Allah Almighty says in The Holy Quran:

  • “And He has put between you affection and mercy.” (Quran, 30:21)
  • “O Humans revere your Guardian-Lord, Who created you from a single person created of like nature its mate, and from this scattered (like seeds) countless men and women. Reverence Allah through Whom you claim your mutual rights.” (Quran 4:1)
  • “And verily We sent messengers (to mankind) before thee, and We appointed for them wives and offspring.” (Surah Ar-Ra’ad- Verse 38)
  • “And indeed We sent Messengers before you (O Muhammad SAW), and made for them wives and offspring.” (Ar-Rad 13:38)
  • “And verily We sent messengers (to mankind) before thee, and We appointed for them wives and offspring.” (Surah Ar-Ra’ad- Verse 38)
  • “And those who guard their chastity (i.e. private parts, from illegal sexual acts).” (Quran, 23:5)
  • “And Allah has made for you Mates (and Companions of your own nature.” (Surah Al Nahl 16:72)
  • “And those who guard their chastity (i.e. private parts, from illegal sexual acts).” (Al-Muminun 23:5)

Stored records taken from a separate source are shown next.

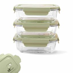 The Better Home Borosilicate Glass Lunch Box Set of 3 | 680ml Each | Tiffin Box for Office for Men Women | Lunch Box Glass Containers | Microwave Safe Leak Proof Airtight (Green)
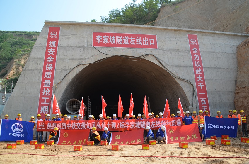 在“抗疫情、保增長,大干100天”專項勞動競賽如火如荼開展之際,7月8日,旬鳳高速公路項目又一個施工隧道——土建2標段李家坡隧道左線順利貫通。
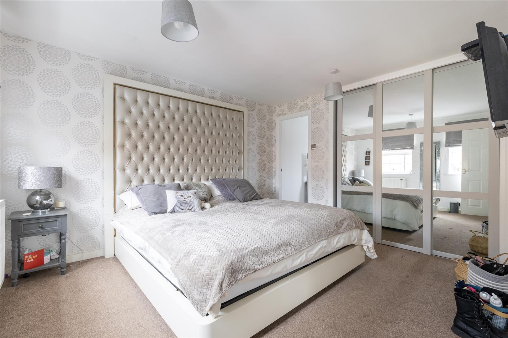 Dimensions: 3.71m x 3.23m (12'2" x 10'7"). Built in triple wardrobe with sliding mirrored doors, two double glazed windows, radiator.
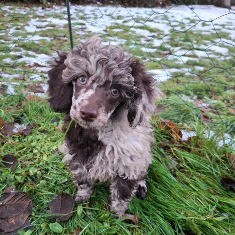 Han er 11 uger, og er en utrolig sød og charmerende puddel med et helt unikt udseende – han er en super lækker chokolade brun fyr, som bare er super energisk og glad hver dag!
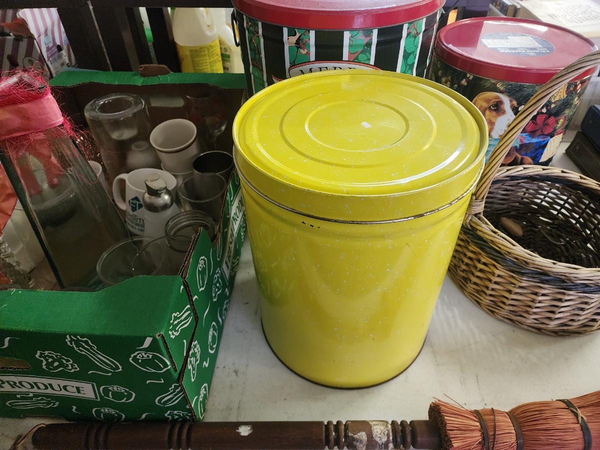Lot of metal tins, basket, brush, box of glasses/mugs/vases
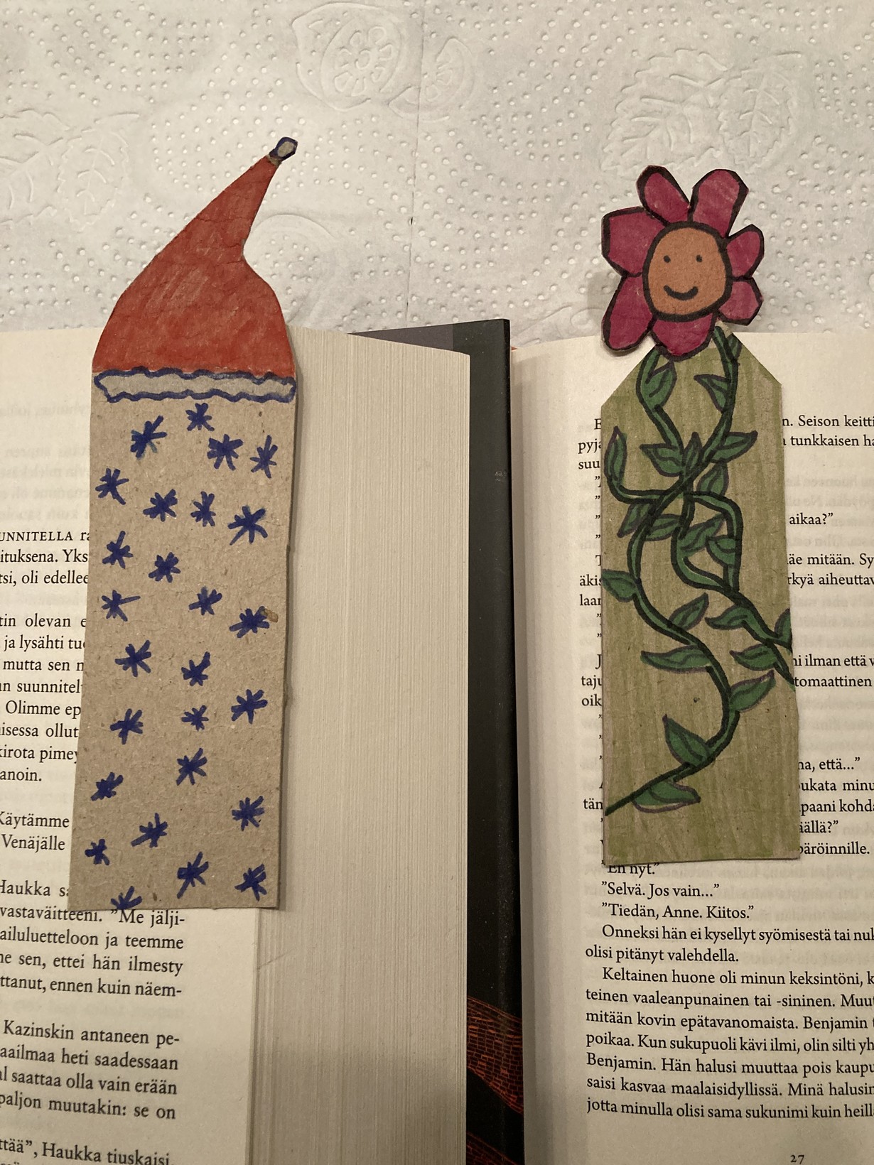 Meidän ainut ihana lapsenlapsi Iines teki 10-vuotiaana mummille ja papalle joululahjaksi kirjanmerkit. Näin lukuharrastus suvussa pysyy.
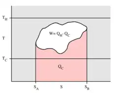 Example T–s diagram for a thermodynamic cycle taking place between a hot reservoir (TH) and a cold reservoir (TC).
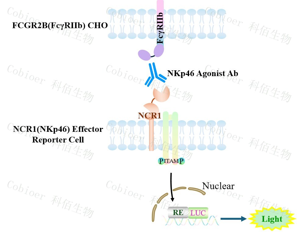NCR1(NKp46) Effector Reporter 報告基因藥靶模型很好的模擬了體內(nèi) NKp46 的信號轉(zhuǎn) 導過程,原理見下圖 所示。![]() Figure 1. NCR1(NKp46) Effector Reporter 細胞模型原理圖
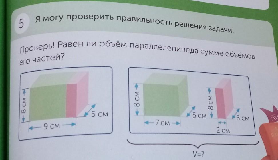 Проверь! Равен ли объём параллелепипеда сумме объёмов
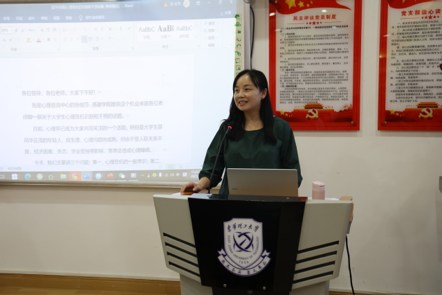 徐俊莎作了题为《心理危机的识别和干预》的专题培训,她从学生心理危机的识别、如何进行心理危机干预两个维度展开阐述。教育大家要认识到学生是我们共同服务、关心、关注的主体,当学生遇到困难时,作为班主任、辅导员要“主动出击”,主动给予关怀与关爱,在处理问题前作为老师要学会先接纳而不是先批判,先鼓励而不是先落责。整场讲授,从心理危机事件的举例、引证、解读,到后期的处理干预方法、效果点评以及危机预防等等,给在场的老师传授了许多心理专业的信息,也提高了大家有关学生心理问题的基本应对技能与技巧。
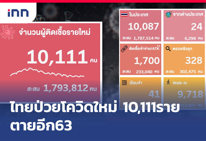 ยังเกินหมื่น!ป่วยโควิดใหม่ 10,111 ราย สะสม 1,793,812 ราย เสียชีวิตอีก 63 รักษาหาย 10,612 ราย เหลือรักษาในรพ.107,226 คน
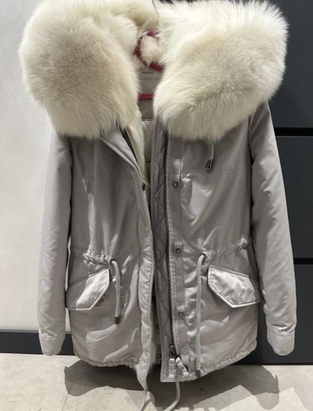 AW 2024 25 Triple White CS Fur Parka Indulge in luxury with the Canada Sansar parka handcrafted with premium materials Triple white Finland farmed Arctic white Finnraccoon fur collar for Very well made.
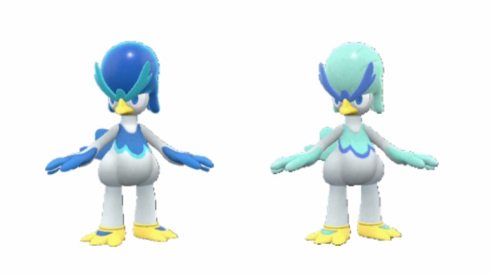 Like its pre-evolution Shiny Quaxly, Shiny Quaxwell has little difference compared to its non-shiny variant. Shiny Quaxwell changes the color of its hair and hands from blue to a lighter mint blue color. You can get this shiny by evolving a Shiny Quaxly.

Marriage guarantees physical and spiritual chastity and peace of a person and keeps the couple away from the pitfalls and temptations of Satan. Chastity is one of the praise-worthy attributes of the believers as Allah (SWT) mentioned it in the following verse: Allah says:

يَا أَيُّهَا النَّاسُ إِنَّا خَلَقْنَاكُم مِّن ذَكَرٍ وَأُنثَىٰ وَجَعَلْنَاكُمْ شُعُوبًا وَقَبَائِلَ لِتَعَارَفُوا

“O mankind, verily, We have created you from male and female and made you peoples and tribes that you may know one another.” (Surah Al-Hujurat 49:13)

The greatest benefit of marriage is protection against a sinful life and the fulfilment of sexual desire through lawful means. This great benefit is the main objective of marriage and should be focused upon at the time of marriage; other benefits will then be achieved thereafter. Allah says:

وَلَن تَسْتَطِيعُوا أَن تَعْدِلُوا بَيْنَ النِّسَاءِ وَلَوْ حَرَصْتُمْ فَلَا تَمِيلُوا كُلَّ الْمَيْلِ فَتَذَرُوهَا كَالْمُعَلَّقَةِ

“You will never be able to do perfect justice between wives even if it is your ardent desire, so do not incline too much to one of them so as to leave the other hanging…” (Surah An-Nisa 4:129)

Islam promotes love, care, and respect in the Muslim society where wives and husbands live happily with their children and families. Marriage in Islam teaches both men and women to stay ready to sacrifice and endure for/her life partner. The main purpose of marriage is protection against a sinful life and living a life according to the teachings of Islam.